No tourists. Only locals. Great food. A couple good beers. Some other stuff I don't remember real clearly. The mixed bag that is D.R.. The unaffectedly old-timey ambience. Buffa's!

Here's a big insight: when you find yourself hungover three mornings in a row, you get a deep feeling that your life's made a certain turn. The next morning was early, as I'd reserved spots in a New Orleans bike tour. We'd been told it'd be led by a prominent, bawdy NOLA bartender, renowned for her riotous bike tours, which were rumored to include stops at local bars. Me and bassist buddy Josef arrived at the appointed spot, and found that the tour leader had been switched, and the replacement was a dude who was speaking extremely loudly to our hungover selves. Here's Josef's strained, frozen smile as he desperately wonders what we'd gotten ourselves into:

Neither of us was ever so ridiculously wrong. Cassidy just happens to be a natural-born bike tour leader - so much so that he can't turn off his bellowing biking voice (even pre-tour when he's standing feet away from you). The tour was spectacularly good. It was like having your smartest friend, who's read everything about New Orleans plus lived there his whole life, passionately taking you on a highly personal trip around town to make you love the place as much as he does.

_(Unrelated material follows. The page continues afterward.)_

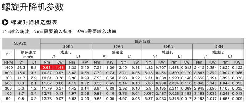 螺旋升降機正常工作狀態下的輸入功率不能超過最大輸入功率,輸入功率kw=(滿載扭矩Nm x負載率x輸入轉速rpm )/ 9550m,
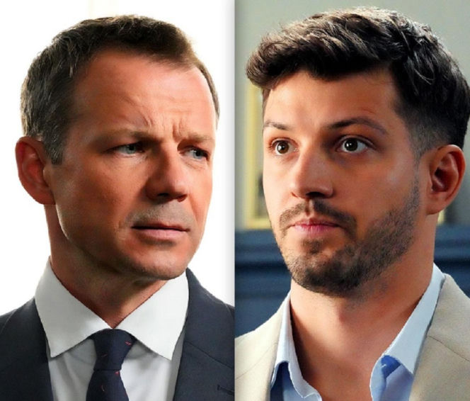 Portrety Bruna (Lesław Żurek) i Justina (Jasper Sołtysiewicz), patrzących w przeciwnych kierunkach z zamyśleniem. Bruno w garniturze i krawacie, Justin w jasnej marynarce i błękitnej koszuli, w tle jasne, rozmyte tło, sugerujące wnętrze. Scena walki o hotel w "Barwach szczęścia" na Super Seriale.

Never once was there the slightest impression that our guide had ever spoken a word of his patter before. It was the un-tour Tour. And everywhere we went, astonished locals (in white nabes, black nabes, and nabes both rich and poor) approached the group to take in Cassidy's world-class, brilliant, insightful, hilarious patter. They clearly wished they were on the tour themselves.

I don't care how familiar you are with New Orleans, or how much you hate tours. Do not go near New Orleans without taking one of these tours (they offer culinary tours, "history of drinking" tours, historical tours, cultural tours, custom tours, etc.). More info at the "Confederacy of Cruisers" web site.